Network Topology

Question

Network Topology

ZhengyaoJiang opened this issue 7 years ago · comments

Hi, quite happy that our work is replicated!

One problem I found is the topology.
In tensorforce-VPG.ipynb In [11].
It seems that a dense layer is added to the network, which is different in original work.

x = dense(x, size=env.action_space.shape[0],activation='relu', l2_regularization=1e-8)

The "Ensemble of Identical Independent Evaluators" will not include any dense layer. Outputs of last convolutional layer will be fed into softmax function directly. That's why we say they are "independent".

Michael J Clark · Answer 1 · Tue Sep 19 2017 21:38:16 GMT+0800 (China Standard Time)

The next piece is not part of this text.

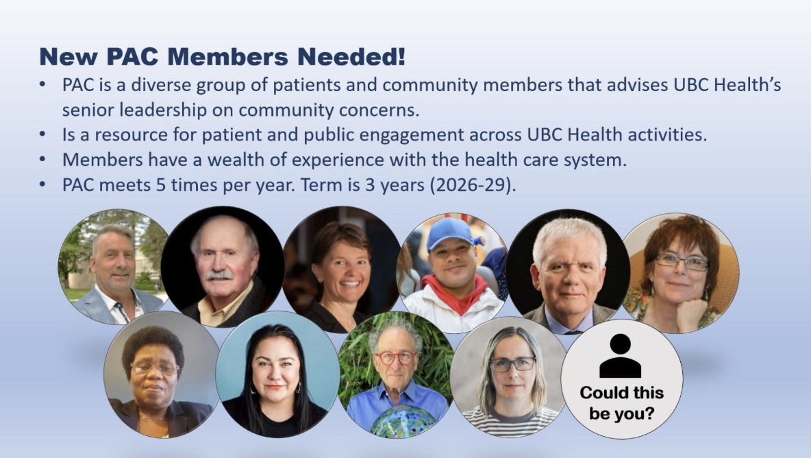 Want to have a say in the strategic directions of UBC Health? Apply to be a member of the Patient & Community Advisory Committee (PAC)!

Hi, good to hear from an author of that paper!

That's one part of the paper I was unsure about. After looking at figure 2, I wasn't sure if the cash bias introduced by a head layer, was hard coded, or a single neuron? I guess it was hard coded?

Zhengyao Jiang · Answer 2 · Wed Sep 20 2017 20:14:41 GMT+0800 (China Standard Time)

Yes, it is a constant in our work.
However, it hasn't been tested if use a variable could be better.

Michael J Clark · Answer 3 · Wed Sep 20 2017 21:43:14 GMT+0800 (China Standard Time)

Ah, good to know, that makes sense. That way you can set it to modulate how risky you want the model to be when applying.

Don't hesitate to point out anything else you notice, it's interesting.

akaniklaus · Answer 4 · Fri Oct 13 2017 21:58:17 GMT+0800 (China Standard Time)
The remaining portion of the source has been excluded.